Or: Slowly waking up to the best view in the world
The horn reverberates in my ears and drowns out the seagulls, as some of my fellow commuters and I scramble to get onto our daily mode of transportation on time—take-away coffee in one hand, ticket in the other.
I cast a grateful glance at the operator who shuts the gate behind me with a clank. Made it.
Still panting from my sneaker-sprint (with my heels tucked firmly into my handbag), I walk past the line-up at the kiosk in search of a nice spot, but inside every single seat has been taken. Freshly showered and neatly pressed business men and women, many of whom have been up since the crack of dawn to do their daily workouts on the beach, fill row after row of seats. That familiar smell—of ocean and fish and people’s sweat soaked into the upholstery, mixed with a hint of coffee and whiffs of expensive cologne and perfume—fills my nostrils.
As the ferry pulls away from the quay, I manage to score a seat outside. It’s a beautiful morning of what promises to be another hot day. A light ocean breeze caresses my face and the sun turns the water into a bedazzled, undulating blanket. I put my sunglasses on and take in the view.
I can’t think of a better way to start the day—sipping my coffee, slowly allowing my body to wake up, and preparing my head for another busy day in the office; all whilst the most beautiful view in the world passes before me. In the distance, past the anchored boats bobbing in the harbour, I see the yacht club and the beautiful waterfront properties that surround it. A long string of dwellings, topped off by the round apartment building that must have the most amazing views, then makes way for the unadulterated beauty of the Coves, where invisible little Fairy Penguins scurry around by the water’s edge and a few early birds canoe their way through the bliss.
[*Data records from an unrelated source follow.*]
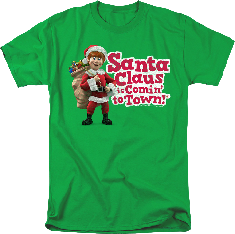 Santa Claus Is Comin' To Town is a 1970 stop motion animation movie has become a Christmas staple. Fred Astaire voiced the narrator, Special Delivery "S.D." Kluger, and Mickey Rooney was the voice of Kris Kringle in the movie that told the story of the origin of Santa. Let everyone know you are a fan of the holiday classic with this Kris Kringle Santa Claus Is Comin' To Town T-Shirt!
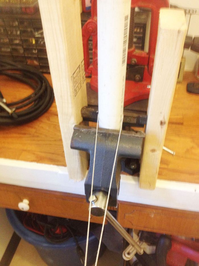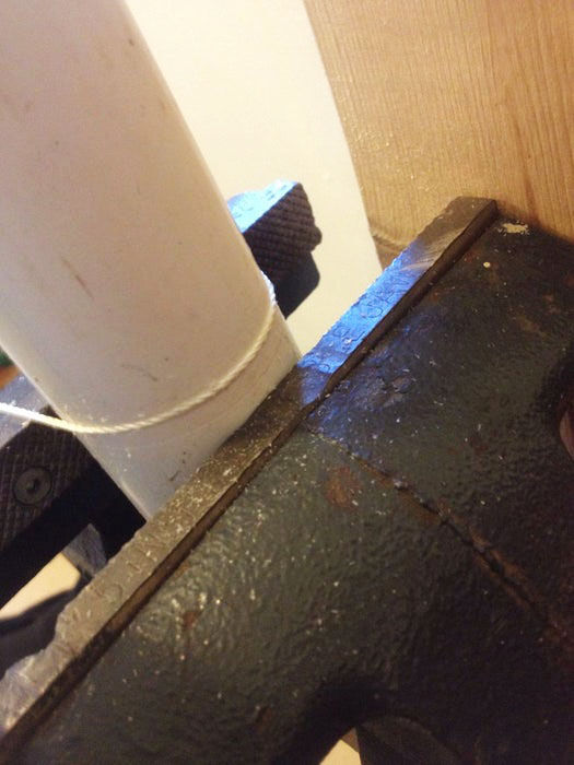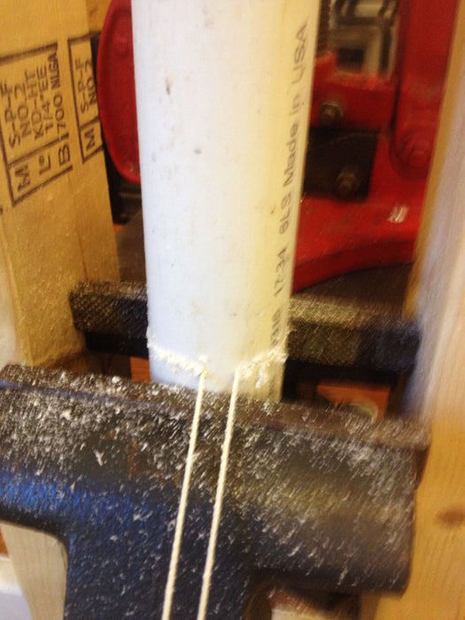 Все банально просто. Отматываем от катушки примерно метр нити, отрезать не обязательно - можно просто удерживать в руке. Заводим нить за трубу.
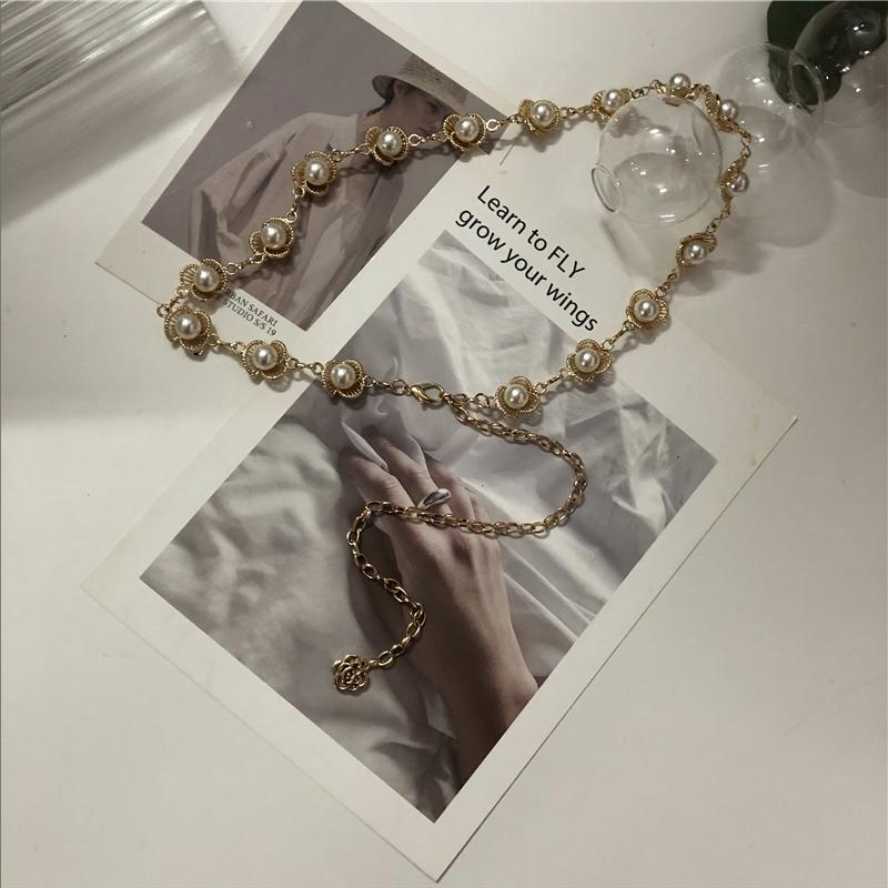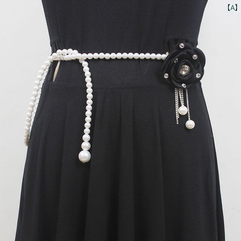 ドレス レディース ベルト おしゃれ パール フラワーベルト 韓国 装飾 スリム ウエスト チェーン メタルチェーン

North Head majestically dips its feet into the Pacific Ocean and keeps tabs on South Head across the water. Together they guard the swell that flows through, like giant watchmen, granting passage to an array of delightful creatures. It won’t be the first time that the captain will have to cut the engine because a whale and its calf are frolicking in the waves close by, or a pod of dolphins teasingly decides to accompany us for a while.
The swell picks up and I gaze into the distance, past the Heads, at the point where the water meets the sky and they hazily blur into one. I inhale deeply and focus on the soothing movement of the boat, the rushing sound of the hull cutting through the waves, and suddenly I’m meditating without even trying. Everything falls away and only the moment remains.
Then the man beside me flips another page of his Sydney Morning Herald, sending a whiff of newspaper smell my way, and breaks the spell. I decide to keep the current affairs at bay for a little while longer and try to make out the faraway wealth that’s on display in Watsons Bay, Vaucluse, Rose Bay and Point Piper.
The ferry slowly follows the bend in the harbour, and as it heads towards Garden Island and Fort Denison I prepare myself for the favourite moment of my daily trip. I don’t have to move, I don’t have to do anything—I just have to sit and wait until the ferry takes a left, just before the Sydney Harbour Bridge.
And there it is, with its cascading, shell-like rooftops that shine brightly in the morning sun: The Sydney Opera House. My heart jumps a little as I watch it glide by, its halls dark and quiet, resting up after another night of auditory bliss. Designed by a Dane, treasured by the Australians, and admired by people from all over the world, this landmark is the cherry on the cake that is my morning commute.
I take a deep breath and gear up to blend in with the crowd and the Circular Quay morning madness, but before I am swallowed up by the anonymity of the City, I look over my shoulder and take a mental picture of what I see. The Sydney Harbour Bridge to my left, and the Sydney Opera House to my right.
What a lucky girl I am.
I wrote this post as part of the Writing 101 blogging challenge. The assignment was to “write about a loss: something (or someone) that was part of your life, and isn’t any more.”
I am lucky enough to count this experience as one of the most treasured from my twenties, when I lived in Sydney, worked hard and played hard, and marriage and kids weren’t even a speck on the horizon yet.
I now live on the other side of the world, as a happily married woman and a mother of three who’s quickly approaching forty, and I wouldn’t trade my current life for anything. I know for a fact that I wouldn’t be able to sit on that same ferry now as carefree as I was back then. But I can draw on that memory for the rest of my life, and that makes me a lucky girl.